Speaking to the Standard, one senior minister said it was time for civil servants to return in greater numbers but that some were refusing because “some just want to save their lunch and train fares”.

Despite Prime Minister Boris Johnson urging people to ditch working from home, in his Tory Party Conference speech last week, Number 10 said on Monday that there were no plans to set any targets for Government departments to increase the number of staff in the workplace.

“As we asked for, and expected, we are seeing a steady return of civil servants to the office,” a Number 10 spokesman said. “That’s what we would expect, not just in the civil service but in the private sector as well and that will continue.”

The Civil Servants Union the FDA said on Tuesday it was “seeing a gradual return to workplaces as the norm across the civil service broadly” and that office capacity has been gradually increasing as a result of more staff wanting to return.

But one department last week told its staff still working from home that they would be required in the office just one day a week.

In a note to staff, HMRC’s Permanent Secretary Jim Harra said: “All colleagues in England and Scotland who have been temporarily working from home during the pandemic, will have agreed a plan with their line manager to return to the workplace for an average of one day a week”.

Nickie Aiken, Tory MP for Cities of London and Westminster and vice chair of the Conservative Party, said civil servants should follow the example being set by the private sector.
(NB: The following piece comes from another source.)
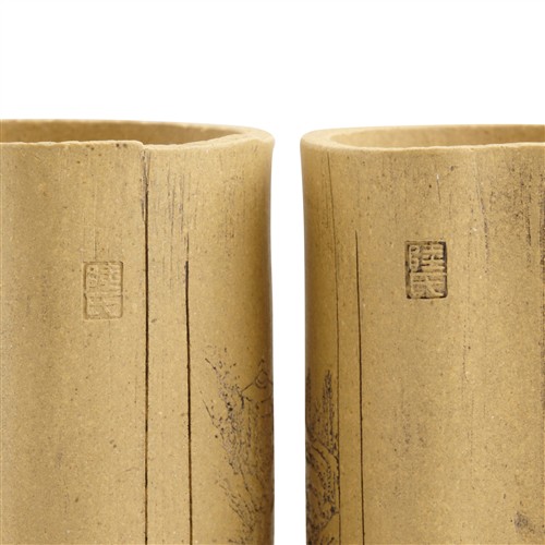 One side of the teapot is incised with a landscape scene, while the reverse bears an inscription and the signature of Lu Wenxia. The base is impressed with a seal mark reading Lu Wen Xia Zhi Yin. The cover also bears two artist seals. The two accompanying cups are similarly decorated with landscape scenes and each bears a seal marks on the side and on the base.

“There is a balance to be struck, but the civil service needs to lead from the front and I have been disappointed so few have come back,” Ms Aiken said. “I would encourage the civil service to do their bit for the economy and the country.

“The civil service needs to take a leaf out of the private sector’s book. Big organisations I speak to in the City see the advantage of being back in the office.”

Ms Aiken also questioned whether it was right that civil servants no longer commuting to or living in the capital should still receive London weighting.

“If the taxpayer is paying extra money for someone working in central London and they are not working in London, then there needs to be a discussion about that,” she added.